I use Peavey 6505+ with Mesa Boogie Rectifier cabinets and it plays fantastic together !


----------



## mrp5150 (Jul 1, 2007)

The best cab I've found with the 5150 is a Bogner Standard 412. Any well built cab with V30's will sound cool though. The 5150 _loves_ V30's.


----------



## Hellraizer (Jul 1, 2007)

I say go with a Mesa Rectifier Cab or an Orange. I've never played through an Orange cab but I speak from experiance with the Mesa and it sounds great with a 6505.


----------



## Hawksmoor (Jul 1, 2007)

I just got myself a Laney TT cab with V30's, tested it in my mattes shop with a 5150 II and it was tightness itself. It's quite affordable to booth.


----------



## Shaman (Jul 2, 2007)

The Mesa cabs are very expensive here in Finland! A Recto is about 1300 euro's.

I would go with the Orange PPC412 cab as well! Sounds awesome with my 6505 and my Recto. Has a huge low end, but it keeps it very tight and focused.
I just got mine about a week ago, and I love it!

If you don't like the orange colour, you can get one in black! That's how I got mine. The Orange cab is 900 euros though....

The 6505 loves V30 speakers  

I would try to find a cab with those speakers.


----------



## emmure (Apr 11, 2008)

oh yes, mesa rec cab+6505= FUCKIN BRUTAL PUNCH!


----------



## noodles (Apr 11, 2008)

A Mesa 4x12 with C90s would sound amazing with that amp. Rectos and 5150s have a gain circuit that is very, very similar.


----------



## Brord (Apr 11, 2008)

U could also check out the framus dragon 4x12 v30 cab. This cab is VERY affordable and it sounds great with the 5150. I've tried both the recto cab and the framus cab with a 5150 and the difference wasn't even that big, not better or worse... just slightly(!) different. 5150's sound great with v30's.


----------



## 7 Dying Trees (Apr 11, 2008)

for that price range, Orange cabs and Mesa cabs are out guys, seriously, in finland it'll be about the same as here, so they are in the case of the orange just about out of it, and in the mesa, well, he's got about half of what they cost over here.

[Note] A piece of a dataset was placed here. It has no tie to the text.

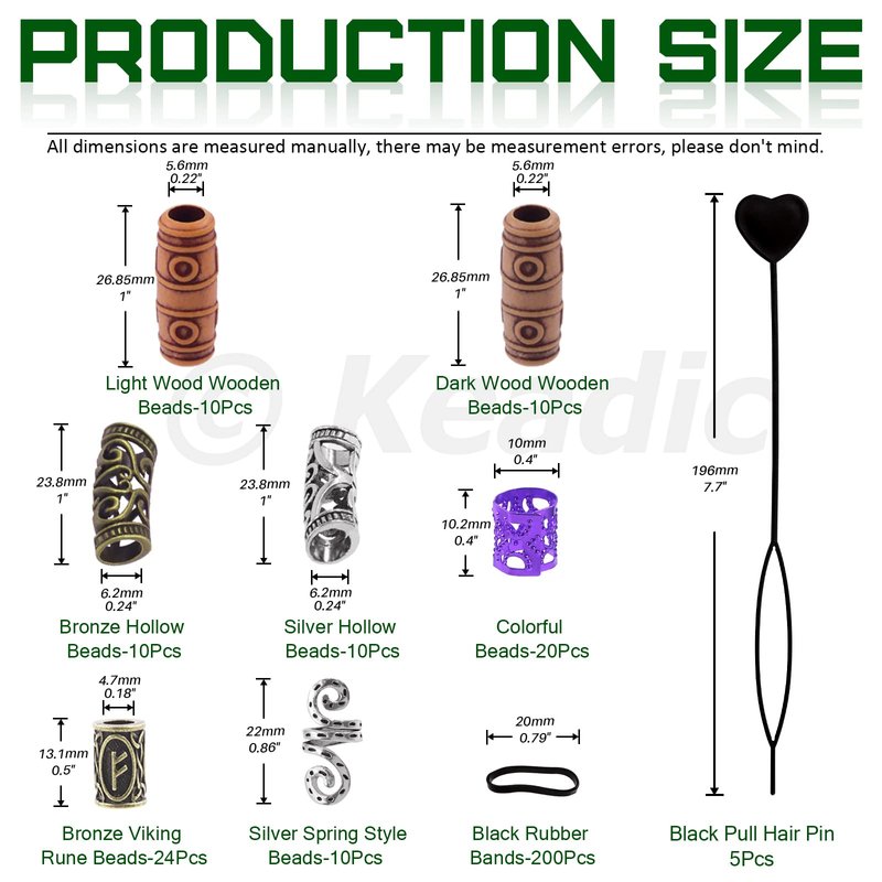 Keadic 299 Pcs 7 Style Viking Hair Beard Bead Assortment Kit Includes Dreadlocks Beads, Pull Hair Pin, Black Rubber Bands and Hair Extension Link Ring for Hair Braiding DIY Jewelry Decoration Package Include: 10 pcs-----silver viking dreadlocks beads 24 pcs-----bronze viking dreadlocks beads 20 pcs-----imitation wood dreadlocks beads 5 pcs-----pull hair pin 10 pcs----- Spring Shape Hair Coil 20 pcs-----colorful dreadlocks beads 200pcs-----black rubber bands Totally 254pcs, coming with a free storage bag How to Use; Firstly find the position of the viking beard beads and place your hair in the round hole of the threading tool. Secondly insert the tip of the pull hair pin into the hole of the beard bead. Thirdly gently pull the end of the hair through the bead and pin it on your hair. Now you get fascinating hairstyle!!! Widely Application:Not only decorate besides hair, braid, beard, dreadlock, pirate, medieval ponytails,braid hair beads, but also as creative jewelry findings to make DIY pendants,bracelets and necklaces and more. Occasions: wedding, birthday, music festival, ceremonies, graduation, cosplay, party and more. Best gift for men and women

I would, however, pair the 5150 with v30's as that's generally what mesa cabinets are loaded with, and the orange as well. 

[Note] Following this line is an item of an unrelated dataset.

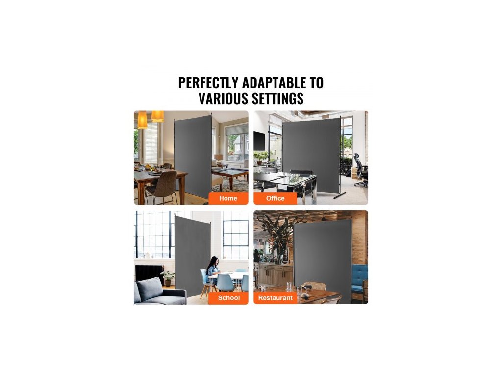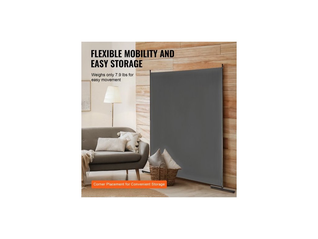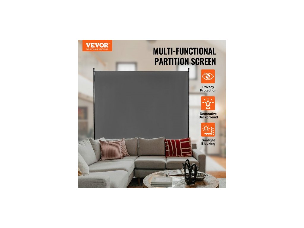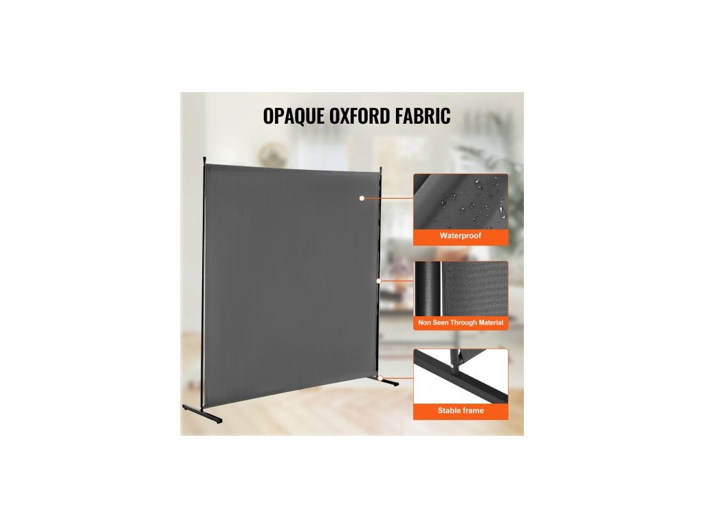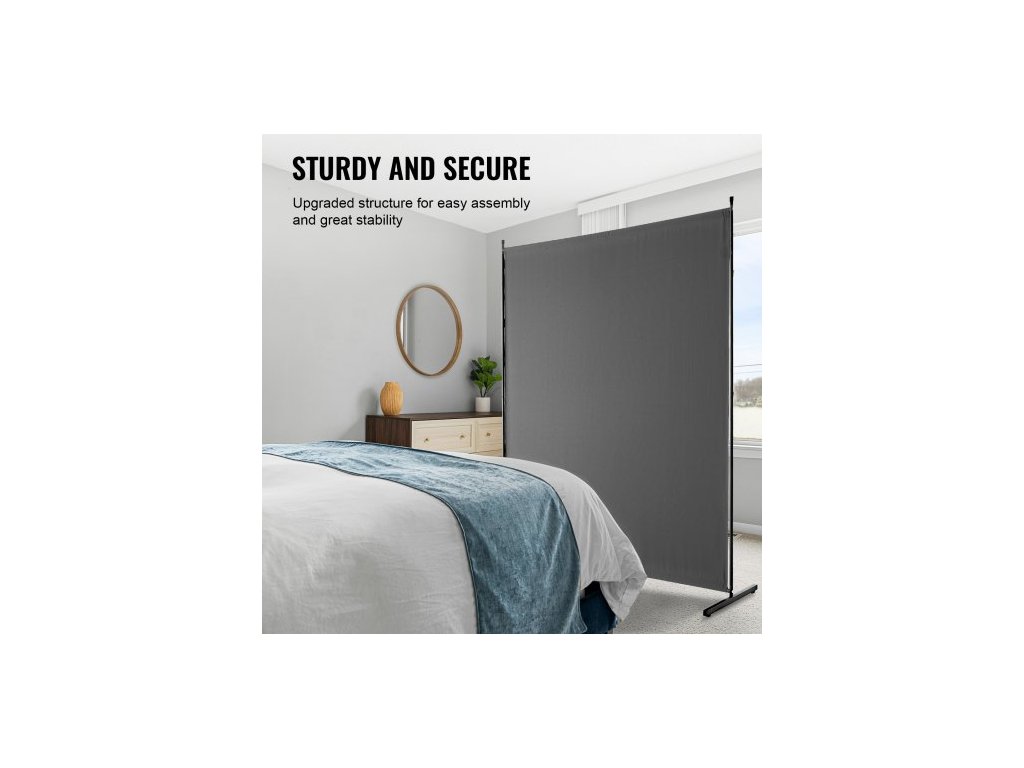 Dělicí stěna , Jednopanelová dělicí stěna, 1,8 m soukromá zástěna do interiéru, Dělicí stěna pro oddělení místností, Volně stojící dělicí stěna do kanceláře, ložnice, ŠedáMultifunkční dělicí stěna

So find a v30 loaded cab, and it should suit it very very well


----------



## Groff (Apr 11, 2008)

Don't forget, if you have a decent cab already, you can by some V30s and save a few bucks.


----------



## budda (Apr 11, 2008)

why the hell was this thread bumped?!


----------



## biggness (Apr 11, 2008)

budda said:


> why the hell was this thread bumped?!



Cause some was trying to sidestep some manure, lost there balance and fell into it. duh


----------



## StormEagle42 (Dec 2, 2008)

I think you should just get the peavey 6505 cab. That cab was designed for that head. I remember when I bought my Marshall head, I tried all sorts of cabs with it. But when I came back around to the Marshall cab, it completely beat the others. So yeah stick with the 6505.


----------



## budda (Dec 2, 2008)

dude are you kidding me? this thread was started in 07. bumped in early 08.


----------



## sami (Dec 2, 2008)




----------



## noob_pwn (Dec 3, 2008)

i own a marshall 1960A and i swapped out the G12T-75's in it for V30s (essentially it is now a 1960AV)

this works great & does it for me,
although im sure a recto cab would slay it.


----------



## SHRC7 (Oct 16, 2009)

would an actually 6505 cab or 5150 cab be good with it or would a recto be better?


----------



## 7 Dying Trees (Oct 16, 2009)

If you can get one of the original 5150 cabs, then that'll be good. The newer ones according to a lot of people just aren't that good (they changed speakers).

If you can afford recto/orange, then do that, as it sounds fantastic through those


----------



## Vigil87420 (Oct 16, 2009)

lol old thread is old




but seriously, I'd recommend a vader 4x12. I have a 6505+ and a vader and it sounds awesome.


----------